Plus, even if test scores rise, there’s no guarantee that observers will accurately diagnose the reasons. This year, Louisiana was the one state where fourth-grade scores were up, but the state’s success was narrowly attributed to “phonics.”
Provide scores based on both socioeconomic status and race or ethnicity. As I’ve argued before, the emphasis on race and ethnicity in reporting NAEP scores can lead people to think the test-score gaps are all about race. Racial gaps are undeniable, but the driving factor is more likely to be socioeconomic status, and particularly level of parental education. Children whose families are more highly educated are more likely to absorb at home the academic knowledge and vocabulary that enables reading comprehension and learning in general.
It’s a promising sign that the NAEP is now using a more robust measure of socioeconomic status—not just the unreliable metric of eligibility for free or reduced school meals, but also factors like the number of books in a student’s home. Maybe that will lead to a greater focus on the socioeconomic gap.

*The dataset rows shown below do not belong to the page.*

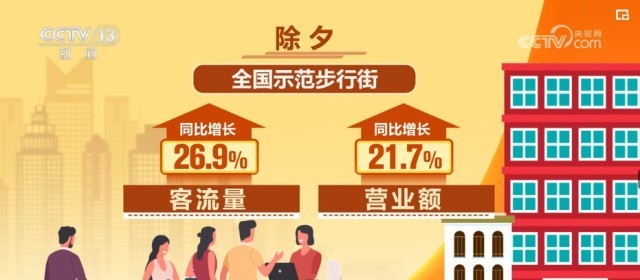 据商务部大数据监测,2024年除夕,部分重点大型超市即时零售销售额同比增长约20%。除夕当天,重点电商平台在线餐饮销售额同比增长40.8%,全国示范步行街客流量、营业额同比分别增长26.9%和21.7%。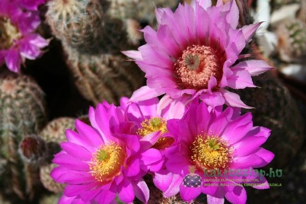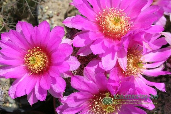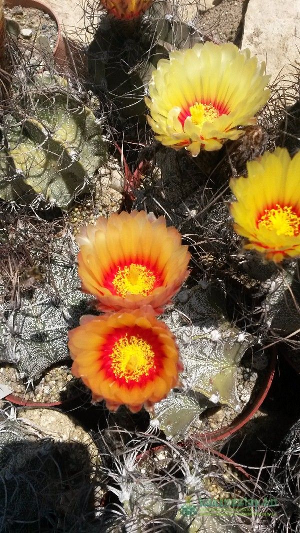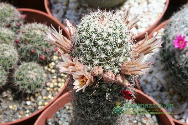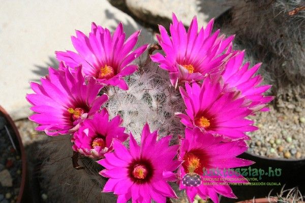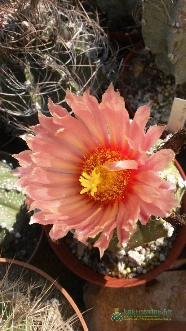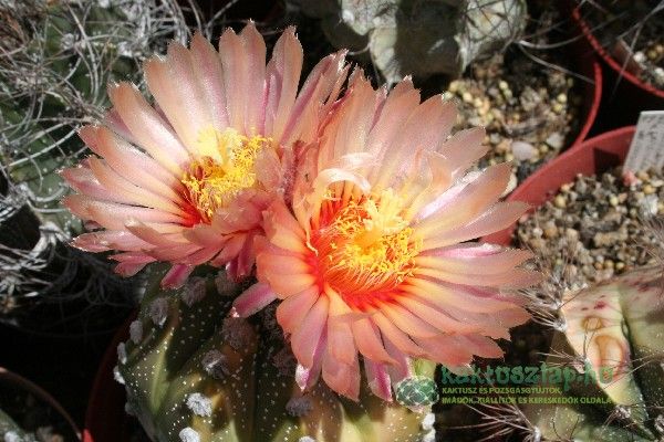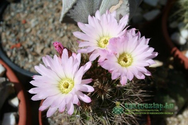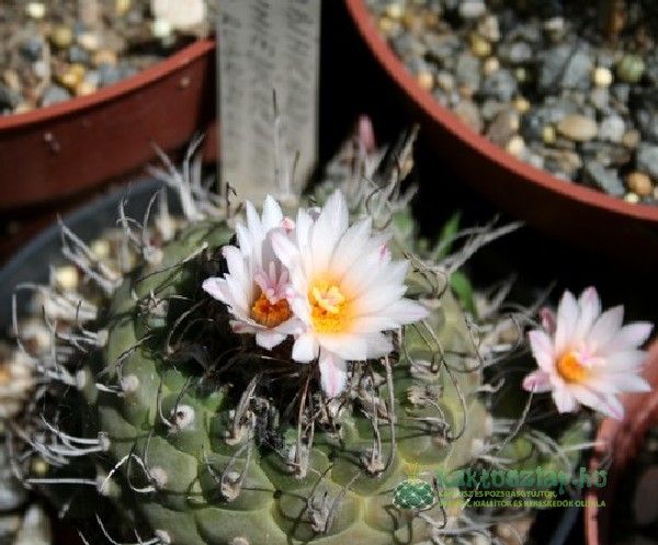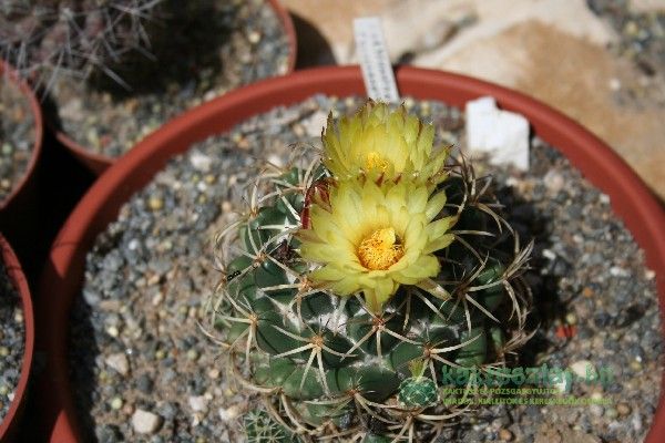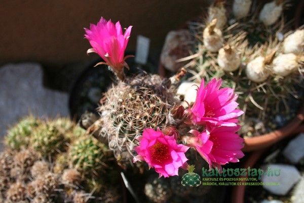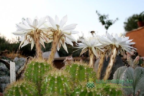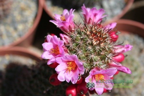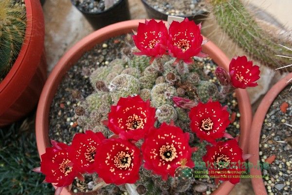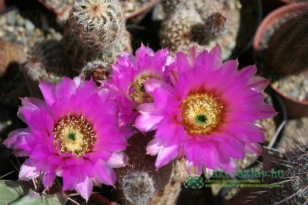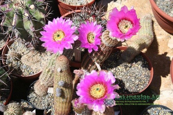 Abban az évben először próbáltam ki a hosszan lebomló és magas Kálium tartalmú műtrágyát. Azért esett a választás erre a növénytáp használatra, mivel ezerötszáz kaktusz igényeinek a kielégítése már komoly munka lett volna, s ezzel könnyítettem a teendőimen. A hatás nem maradt el. Szinte valamennyi kaktusz virágba borul a rosszabb időjárás ellenére.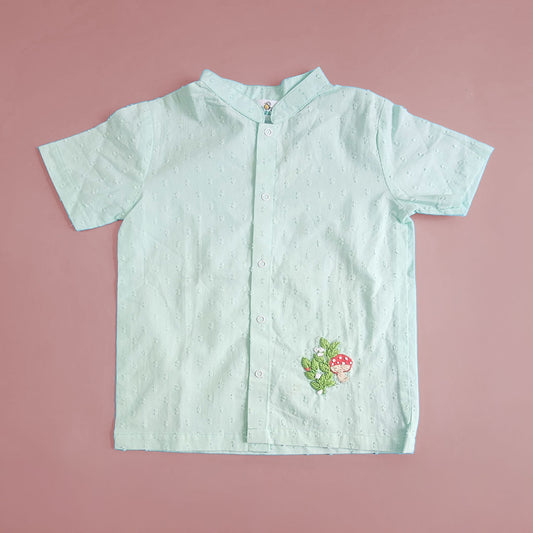 Keebee Organic Cotton Aqua Embroidered Shirt- Mushrooms Patch
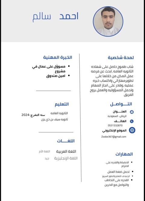 محتاج شغل موجود حاليا في الرياض. أقامه سارية ورخصة سارية الجنسية مصري. خبرات كاشير في الحمراء مول. كاشير النخيل مول. موظف أستقبل في مطعم فيلا فيروز في البجيري الدرعية لدي خبرة جيده في القيادة. أجيد اللغة العربية ألام جيد في اللغة الانجليزية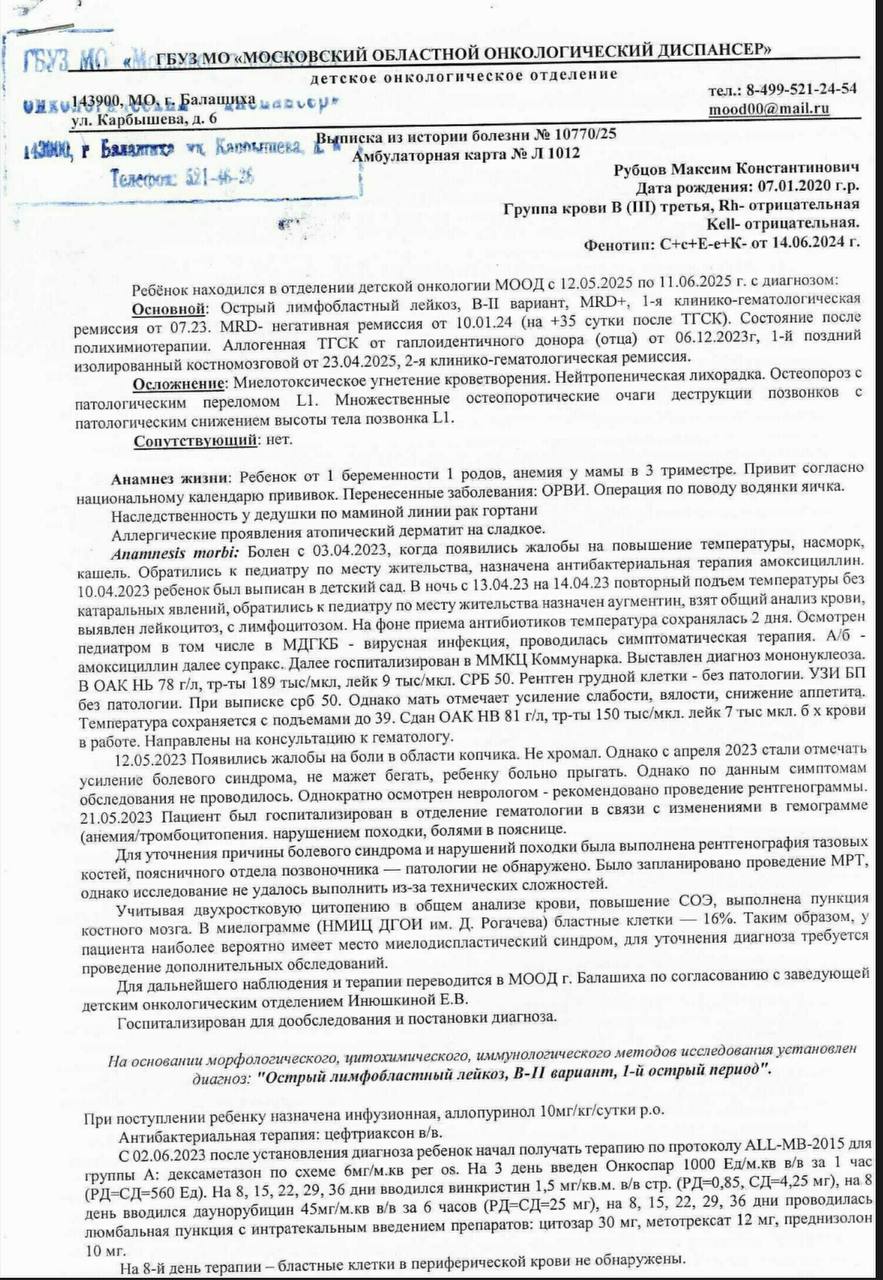 Нужна иммунотерапия 💉, чтобы закрепить результат и выйти на ТКМ от неродственного донора.
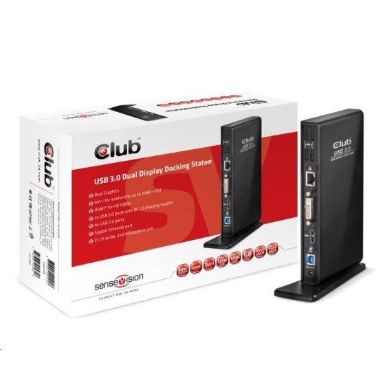 Dokovací stanice SenseVision USB 3.0 Dual Display je dokonalé univerzální zařízení, které vám umožní rozšířit výstupy vašeho notebooku nebo ultrabooku, takže jej můžete používat jako tradiční stolní počítač. Díky čipu DisplayLink ™ DL-3900 je možné k dokovací stanici připojit dva externí monitory s vysokým rozlišením prostřednictvím výstupů HDMI ™ a DVI-I. Má ethernetový port RJ 45 pro spolehlivé a rychlé drátové připojení k síti a nabízí celkem 6 portů USB pro periferie a paměťové zařízení, stejně jako výstup zvuku a mikrofonu. To vše je připojeno k vašemu zařízení pomocí jediného kabelu USB.

But to really understand who is being left behind and why, it would help to have data that has been sliced and diced in more precise ways. What about a Black or Hispanic student whose parents don’t earn much but have PhDs? How does that kid do as compared to a white kid whose parents have a high school education or less?
If at least some of these changes could be put into effect, I think the NAEP could provide us with some truly valuable information—and possibly lead to the educational progress the test is supposed to be assessing.

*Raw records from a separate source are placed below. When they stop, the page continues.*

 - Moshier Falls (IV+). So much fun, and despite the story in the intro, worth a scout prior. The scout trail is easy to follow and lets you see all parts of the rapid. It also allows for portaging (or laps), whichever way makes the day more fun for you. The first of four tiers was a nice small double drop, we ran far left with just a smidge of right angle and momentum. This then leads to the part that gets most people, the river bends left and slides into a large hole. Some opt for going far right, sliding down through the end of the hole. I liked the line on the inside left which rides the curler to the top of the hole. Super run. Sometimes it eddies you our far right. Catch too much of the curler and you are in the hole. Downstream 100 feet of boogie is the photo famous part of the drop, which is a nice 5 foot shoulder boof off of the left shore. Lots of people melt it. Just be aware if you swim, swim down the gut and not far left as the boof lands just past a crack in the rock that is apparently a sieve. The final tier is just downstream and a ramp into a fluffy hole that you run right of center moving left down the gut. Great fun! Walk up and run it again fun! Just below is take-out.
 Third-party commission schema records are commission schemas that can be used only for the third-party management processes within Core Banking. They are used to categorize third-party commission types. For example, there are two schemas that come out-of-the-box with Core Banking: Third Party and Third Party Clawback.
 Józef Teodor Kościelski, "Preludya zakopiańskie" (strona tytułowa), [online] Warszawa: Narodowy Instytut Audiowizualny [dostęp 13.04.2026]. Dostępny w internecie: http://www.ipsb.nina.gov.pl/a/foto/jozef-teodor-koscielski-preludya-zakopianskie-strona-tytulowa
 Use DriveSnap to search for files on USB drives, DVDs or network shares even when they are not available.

Update, 2.13.25: Sources cited in a report on The 74 said that the NAEP will continue to be administered, but “contracts to analyze the data and report it publicly were canceled and will be offered to new bidders.”
Update, 2.17.25: New material about the need to test older students’ decoding skills was added to this post, based on communications with Rebecca Kockler.
Background knowledge and experiences are critical for reading material that is outside their everyday lives
The Kim study you mentioned (covid impacted) didn't test a knowledge building ELA curriculum, so we can't really make any conclusions about the knowledge building curriculum on the market as a result. It tested and integrated program using during social studies time.
And it's curriculum (the more curriculum) wasn't set up in a similar way to the knowledge building curriculum on the market and as cited by the KMC. The More curriculum has as much in common with the KMC cited curriculum as it does with basals like magnetic reading and the like.